Task directions: Below is a listing; print exactly its lines from the one containing "Data from the sensors" down to the one containing "shun, green hair, shirt, green", both inclusive, with every picture left out.

Data block:
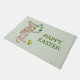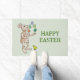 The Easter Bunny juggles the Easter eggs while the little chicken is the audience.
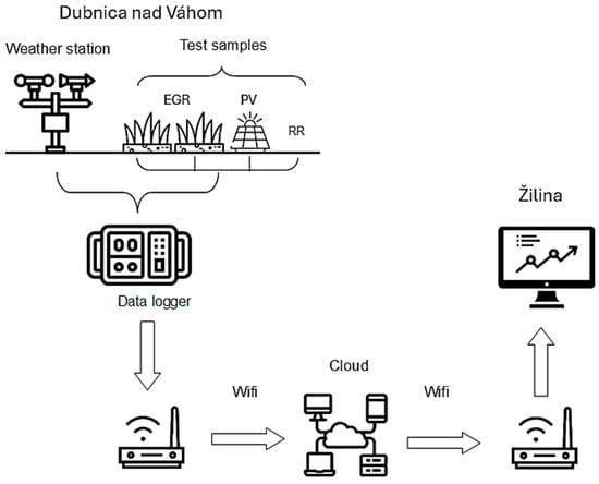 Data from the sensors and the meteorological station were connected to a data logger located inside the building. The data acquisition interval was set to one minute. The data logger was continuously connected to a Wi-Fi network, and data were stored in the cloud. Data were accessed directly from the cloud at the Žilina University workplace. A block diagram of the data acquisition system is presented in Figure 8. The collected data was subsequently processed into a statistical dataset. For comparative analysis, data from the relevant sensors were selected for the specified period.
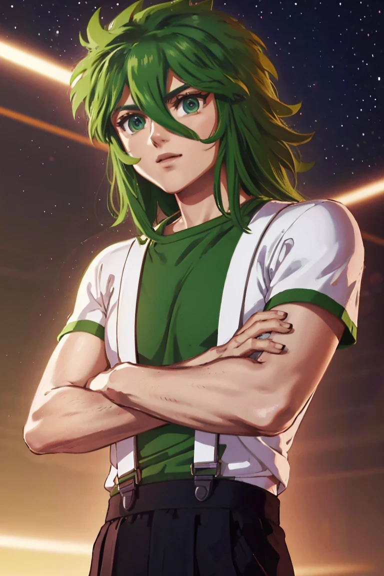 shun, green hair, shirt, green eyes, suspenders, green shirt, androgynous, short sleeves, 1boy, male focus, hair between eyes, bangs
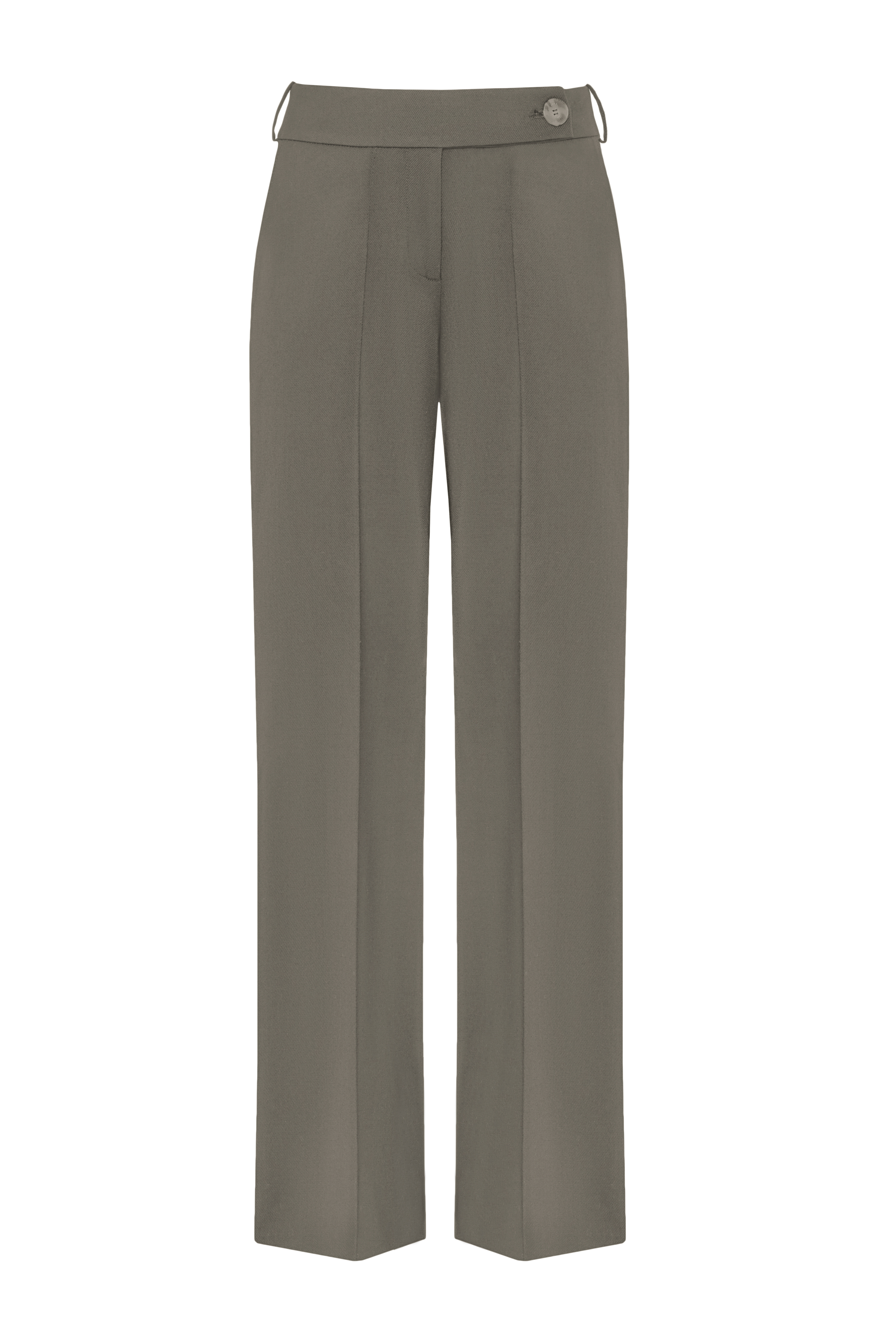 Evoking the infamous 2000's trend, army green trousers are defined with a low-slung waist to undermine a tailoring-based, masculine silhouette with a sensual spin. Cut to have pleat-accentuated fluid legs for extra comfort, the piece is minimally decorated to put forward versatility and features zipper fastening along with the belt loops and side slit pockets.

Answer space:
 Data from the sensors and the meteorological station were connected to a data logger located inside the building. The data acquisition interval was set to one minute. The data logger was continuously connected to a Wi-Fi network, and data were stored in the cloud. Data were accessed directly from the cloud at the Žilina University workplace. A block diagram of the data acquisition system is presented in Figure 8. The collected data was subsequently processed into a statistical dataset. For comparative analysis, data from the relevant sensors were selected for the specified period.
 shun, green hair, shirt, green eyes, suspenders, green shirt, androgynous, short sleeves, 1boy, male focus, hair between eyes, bangs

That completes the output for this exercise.